The original data provided the total quantity of drug and the start date, but not an end date.
Using the information that **doseminer** infers about daily dose, we can estimate the number of days the patient can go at that average dose before they run out of medication.
Hence we estimate a window of time that a patient was taking (exposed to) the drug, which can be used to determine if adverse events (e.g. fractures, given as separate data) occurred during drug exposure or not.

### Missing values

You might notice that some data are missing, either because it isn't explicitly mentioned in the prescription text or because the text itself was missing.
In general, there are a range of methods one might use to impute or exclude such values, and the topic is beyond the scope of **doseminer**, but the focus of an upcoming package called **DrugPrepCPRD**, which explores the 'multiverse' of possible imputation decisions.
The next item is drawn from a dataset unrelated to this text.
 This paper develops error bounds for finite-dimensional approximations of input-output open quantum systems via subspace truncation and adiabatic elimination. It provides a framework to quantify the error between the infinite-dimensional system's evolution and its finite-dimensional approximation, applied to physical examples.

For now, we will either (a) ignore incomplete prescriptions (complete case analysis) or (b) replace missing values with the mean for that patient and drug.
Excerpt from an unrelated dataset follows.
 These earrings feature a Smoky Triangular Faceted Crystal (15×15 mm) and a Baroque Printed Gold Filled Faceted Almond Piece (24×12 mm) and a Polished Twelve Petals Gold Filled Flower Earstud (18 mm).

In other scenarios, you might see a range of dose, frequency or interval: for example "take 1-2" or "every 2-3 hours".
Again, you can choose how to summarise these values: taking the minimum, maximum or mean.
If a dose is optional, you might want to include the value zero in this range.
You should ensure your results are robust to this decision (again: see **DrugPrepCPRD**).

### Drug exposure time

The length of a prescription, in days, is defined as the total quantity of drug (`qty`) divided by the average number of units administered per day.
In turn, the average number of units per day is calculated as the `dose` in each sitting, multiplied by the daily frequency (`freq`) and divided by the interval between 'dose-days' (`itvl`).

Here is one way of estimating drug exposure windows for these data.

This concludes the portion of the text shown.